Отец молчал, то ли решив ничего не объяснять, то ли сказать своё обычное «ты всё равно не поймёшь», то ли тянул время, собираясь с мыслями. Ирина напряженно ждала:

– Я ждал этого вопроса, сам хотел объясниться, но не знал как… Во-первых, откуда ты знаешь, что «никто не возвращается»? Такое бывает, хотя и исключительно редко. Вот и со мной случилось, потому что мне это было надо.

– Надо? Как это?

– Как ты говоришь, «там» никто уже об оставшихся не думает, а я думал… ничего о вас не знал, а мне очень хотелось знать всё. Неизвестность была для меня страданием. Я не мог обрести покоя, и мне… разрешили.

– Кто разрешил?

– Не знаю. Просто вернули, чтобы я… посмотрел.

– И всё? Пап, ну сам подумай, как это для нас звучит? «Разрешили, вернули…» это Бог? И вообще, как там?

– Что ты хочешь знать? Я когда-нибудь тебе объясню, но не сейчас. Иди на работу. Не мучь меня.

– А ты мучаешься?

– Да, мне трудно об этом говорить.

– Почему ты о нас думал? Ты мог там думать? А мама? Мама думала? Другие? Ты мне расскажешь?

– Постараюсь, но сейчас это не главное. Сейчас давай думать о субботе.

– Ты волнуешься?

– Да, конечно.

– Серьёзно? А почему ты тогда только и знаешь что о пустяках говорить?

– Это не пустяки. Это ваша жизнь. Я должен её понять. За этим я и пришёл. Правильно ли вы живёте?

– Что? Как это – правильно? И кто знает, как правильно?

– Я знаю. Проверю и скажу. Иди, опоздаешь. А знаешь, я сегодня с тобой поеду. Подожди две минуты, я оденусь.

Отец легонько дотронулся до Ириной щеки и пошёл наверх. Он впервые коснулся её кожи, и Ира ощутила его руку, тёплую, сухую, абсолютно живую. А тогда на похоронах она наклонилась над гробом и коснулась губами его бледного лба. Жуткое ощущение мороженого, холодного мяса. Папа превратился в тело, и она в этом убедилась. А сейчас он живой, произошло чудо, в которое никто не верил. Но его нельзя было не принять, потому что нельзя не верить очевидному.

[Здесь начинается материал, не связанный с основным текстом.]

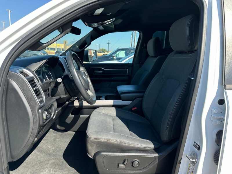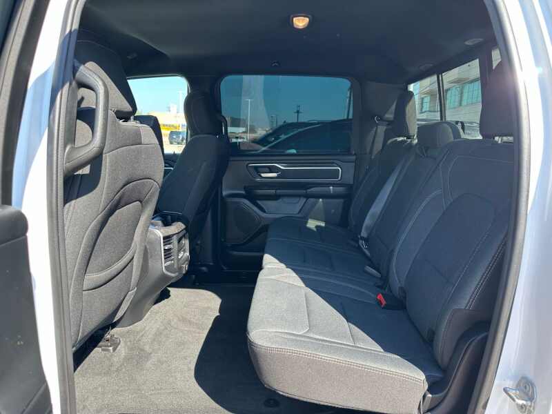 2022 Ram 1500 Big Horn/Lone Star Level 2 HEMI V8 Bright White Clearcoat 4D Crew Cab RWD 8-Speed Automatic HEMI 5.7L V8 Multi Displacement VVT 115V Auxiliary Power Outlet, 115V Auxiliary Rear Power Outlet, 2nd Row In Floor Storage Bins, 3 Rear Seat Head Restraints, 3.21 Rear Axle Ratio, 4 Way Front Headrests, 4-Wheel Disc Brakes, 400W Inverter, 48V Belt Starter Generator, 4G LTE Wi-Fi Hot Spot, 6 Speakers, 8.4 Touchscreen Display, ABS brakes, Accent Color Premium Power Mirrors, Air Conditioning, Air Conditioning ATC w/Dual Zone Control, Alloy wheels, AM/FM radio, Anti-Spin Differential Rear Axle, Apple CarPlay, Auto-Dimming Exterior Driver Mirror, Auto-Dimming Rear-View Mirror, Big Horn Level 2 Equipment Group, Black Exterior Mirrors, Black Exterior Truck Badging, Black Headlamp Bezels, Black Interior Accents, Black Painted Exterior Mirrors Caps, Black Premium Power Mirrors, Bluetooth Handsfree Phone & Audio, Body Color Front Bumper, Body Color Rear Bumper w/Step Pads, Brake assist, Bucket Seats, Bumpers chrome, Class IV Receiver Hitch, Cloth Bench Seat, Cluster 7.0 TFT Color Display, Compass, Connected Services Delete Credit, Connectivity - US/Canada, Convex Wide-Angle Mirror Insert, Delay-off headlights, Delete LED Lamp - Floor Console Bin, Deluxe Cloth Bucket Seats, Driver door bin, Dual Exhaust w/Black Tips, Dual front impact airbags, Dual front side impact airbags, Electronic Stability Control, Emergency communication system SiriusXM Guardian, Exterior Mirrors Courtesy Lamps, Exterior Mirrors w/Heating Element, Exterior Mirrors w/Supplemental Signals, For Details, Visit DriveUconnect.com, Front anti-roll bar, Front Center Armrest w/Storage, Front fog lights, Front License Plate Bracket, Front reading lights, Front Seat Back Map Pockets, Front wheel independent suspension, Full Length Floor Console, Fully automatic headlights, Global Telematics Box Module (TBM), Glove Box Lamp, Google Android Auto, GPS Antenna Input, Heated Front Seats, Heated Steering Wheel, Illuminated entry, Integrated Center Stack Radio, Integrated Voice Command w/Bluetooth, Leather steering wheel, Lone Star Badge, Low tire pressure warning, Manual Adjust 4-Way Front Passenger Seat, Media Hub w/2 Charge Only USBs, MOPAR Front & Rear Rubber Floor Mats, Night Edition, Occupant sensing airbag, Outside temperature display, Overhead airbag, Overhead console, Panic alarm, ParkSense Front/Rear Park Assist w/Stop, ParkView Rear Back-Up Camera, Passenger door bin, Passenger vanity mirror, Power 2-Way Driver Lumbar Adjust, Power 8-Way Driver Seat, Power Adjustable Pedals, Power door mirrors, Power steering, Power windows, Power-Folding Mirrors, Quick Order Package 27R Lone Star (Regional), Radio data system, Radio Uconnect 3 w/5 Display, Radio Uconnect 5 W w/8.4 Display, Rear 60/40 Folding Seat, Rear anti-roll bar, Rear Center Armrest, Rear Dome w/On/Off Switch Lamp, Rear Power Sliding Window, Rear seat center armrest, Rear step bumper, Rear Window Defroster, Remote keyless entry, Remote Start System, Security Alarm, SiriusXM Radio Service, SiriusXM Satellite Radio, Speed control, Split folding rear seat, Steering wheel mounted audio controls, Sun Visors w/Illuminated Vanity Mirrors, Tachometer, Telescoping steering wheel, Tilt steering wheel, Traction control, Trip computer, Universal Garage Door Opener, USB Host Flip, Variably intermittent wipers, Voltmeter, Wheels 20 x 9.0 Premium Paint/Polished.

В машине отец вальяжно откинулся на сиденье. Ирине пришлось настоять, чтобы он пристегнулся. Папа не хотел, всё говорил ей: «Да ладно, не стоит». Убедила его только неизбежность штрафа. По дороге он восхищался красивой панорамой сельского Орегона, делал Ире комплименты, что она хорошо водит машину, расспрашивал об Орегоне, о её работе в университете, о профессиях всех остальных, о деньгах. Ира и сама не заметила, что с увлечением рассказала отцу о выплатах за дома, страховках. Всё это были американские реалии, совершенно отцу неизвестные. Ему всё было интересно: значит, никто не нуждается? Большие хорошие дома? Лилькин муж – инженер? Хорошо. Компьютерная индустрия, ага. Да, перспективное дело… я понимаю. А Маринкин муж, значит, доктор? Много зарабатывают? Вам помогают? Нет? Вам пока ничего не надо? Я рад. Да, да, хорошо, что парни – русские, это важно. А дети? Говорят по-русски? Отлично. Ира и не заметила, что рассказала отцу почти всё, что произошло за прошедшие тридцать лет: перестройка, иммиграция, замужества внучек, рождение правнуков. Отец слушал внимательно, задавал уточняющие вопросы, а потом сказал Ире, что он сам всё увидит. Теперь Ире хотелось поделиться с отцом всем-всем, рассказать, что они пережили, как пробивались. Особенно ей было интересно его мнение об эмиграции, одобрял он её или нет:

– Пап, а правильно мы сделали, что уехали? Ты бы с нами уехал?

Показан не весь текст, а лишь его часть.